What you will do | Transcribe word for word the lines below from the line with "4年生の理科の実験の様子です" through the line with "- IDEAL GIFT", ends included.

Data provided |
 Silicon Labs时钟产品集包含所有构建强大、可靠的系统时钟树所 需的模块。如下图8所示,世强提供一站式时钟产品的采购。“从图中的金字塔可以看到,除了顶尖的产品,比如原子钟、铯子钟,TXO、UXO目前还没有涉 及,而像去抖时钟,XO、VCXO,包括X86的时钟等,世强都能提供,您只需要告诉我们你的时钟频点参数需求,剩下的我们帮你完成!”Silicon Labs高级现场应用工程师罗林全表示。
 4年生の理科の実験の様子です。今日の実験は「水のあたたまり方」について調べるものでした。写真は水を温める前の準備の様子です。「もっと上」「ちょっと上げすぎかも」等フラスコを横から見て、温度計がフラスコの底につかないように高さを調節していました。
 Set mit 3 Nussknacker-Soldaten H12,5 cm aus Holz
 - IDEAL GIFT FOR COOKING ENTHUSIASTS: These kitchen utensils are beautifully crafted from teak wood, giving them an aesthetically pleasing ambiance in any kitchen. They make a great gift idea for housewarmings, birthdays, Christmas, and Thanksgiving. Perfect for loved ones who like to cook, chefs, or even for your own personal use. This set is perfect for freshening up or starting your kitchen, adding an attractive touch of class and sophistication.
...
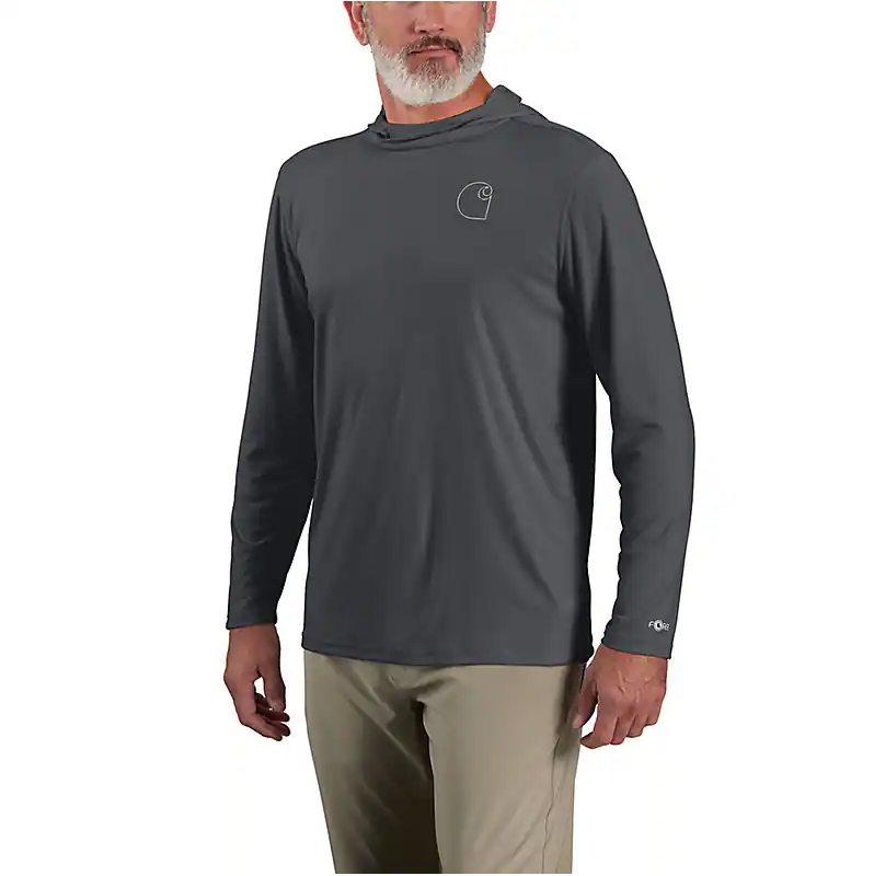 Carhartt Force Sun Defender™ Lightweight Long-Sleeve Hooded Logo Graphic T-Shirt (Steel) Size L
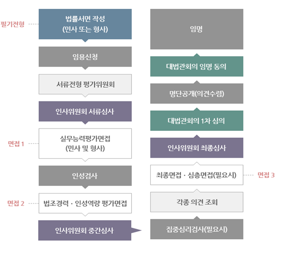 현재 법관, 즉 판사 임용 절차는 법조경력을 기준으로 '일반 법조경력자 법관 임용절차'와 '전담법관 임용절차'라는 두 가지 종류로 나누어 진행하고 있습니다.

Response box |
 4年生の理科の実験の様子です。今日の実験は「水のあたたまり方」について調べるものでした。写真は水を温める前の準備の様子です。「もっと上」「ちょっと上げすぎかも」等フラスコを横から見て、温度計がフラスコの底につかないように高さを調節していました。
 Set mit 3 Nussknacker-Soldaten H12,5 cm aus Holz
 - IDEAL GIFT FOR COOKING ENTHUSIASTS: These kitchen utensils are beautifully crafted from teak wood, giving them an aesthetically pleasing ambiance in any kitchen. They make a great gift idea for housewarmings, birthdays, Christmas, and Thanksgiving. Perfect for loved ones who like to cook, chefs, or even for your own personal use. This set is perfect for freshening up or starting your kitchen, adding an attractive touch of class and sophistication.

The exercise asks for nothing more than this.